A former Korean-American student accused of killing seven people at a private Christian college in California lined up his victims and shot them execution-style, police said Tuesday.
The 43-year-old, who planned the killings after being expelled from the college near San Francisco for "anger management" issues, was "upset" at staff and other students and had displayed "no remorse," a senior officer said.
Police were holding the suspect in the fatal shootings that took place Monday at Oikos University in Oakland, which stunned the tightly knit Korean-American community in the area.
"This was a calculated, cold-blooded execution in the classroom," Oakland police chief Howard Jordan told CNN.
The suspect, later identified as Goh Su-nam and had been using the name "One L. Goh" ever since moving to the US, opened fire with a .45 caliber handgun, according to local media reports.
"We learned from the suspect and witnesses he was distraught because he was picked on. ... He planned (the attack) several weeks in advance," Jordan told the local Fox affiliate KTVU.
Goh had difficulty speaking English, Jordan said, adding "he was so upset he went out and purchased a weapon and had every intent to kill people yesterday."
Although cooperating with officers, "he has not shown any remorse," Jordan said.

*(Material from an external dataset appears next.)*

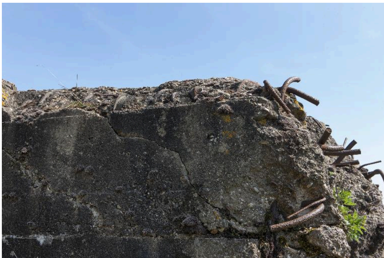
Partie est, détail du béton et des fers

As well as the massacre scene, investigators focused Tuesday on a location a few miles away where they were searching "for firearm, believed to have been used and discarded yesterday by suspect," according to the police Twitter feed.
Details of the shooting emerged a day after the gunman allegedly walked into a building housing Oikos University, took a receptionist hostage and then sought out a particular female administrator.
When he realized the administrator was not in the building, he shot the secretary and then lined students up against a wall and shot them one by one, Jordan told CNN.
"I'm going to kill you all," the gunman allegedly told the students.
Six women and a man - all students at the school, aged 21 to 40 - were killed in the rampage. Jordan said they were from Nigeria, Nepal and Korea.
"This happened within minutes," Jordan said. "We don't think the victims had any opportunity to resist, any opportunity to surrender."
The gunman then walked out of the classroom, reloaded his automatic weapon, and fired into several classrooms before driving off in a victim's car to neighboring Alameda, California, he said.
He said the gunman then called his parents and surrendered to police who arrived on the scene.
"We've learned this was a very chaotic, calculated and determined gentleman that came there with the specific intent to kill people," Jordan said.
Some 35 people were in or near the building at the time. Of those, 10 were hit and five were pronounced dead at the scene. Two others died later in hospital. Survivors were found hiding in locked and darkened rooms.
The rampage appeared to follow a period of tumult for Goh.
A US army spokesman said that Goh's brother, Staff Sergeant Su Wan-ko, was killed in a car crash in Virginia in March 2011. Local news accounts at the time said he died after smashing into a boulder that had fallen onto the highway.
Oikos professor Soo Nam-sung told Reuters that Goh, who had studied nursing at the college, was despondent over the death of his mother about a year ago.
"He had gone through a difficult time to get good grades through his personal problems and he couldn't focus on his work," she said through an interpreter at a news conference.
Adding to his troubles, Goh had been involved in a dispute with the owners of an apartment in Virginia who had evicted him and claimed he owed back rent, court records showed.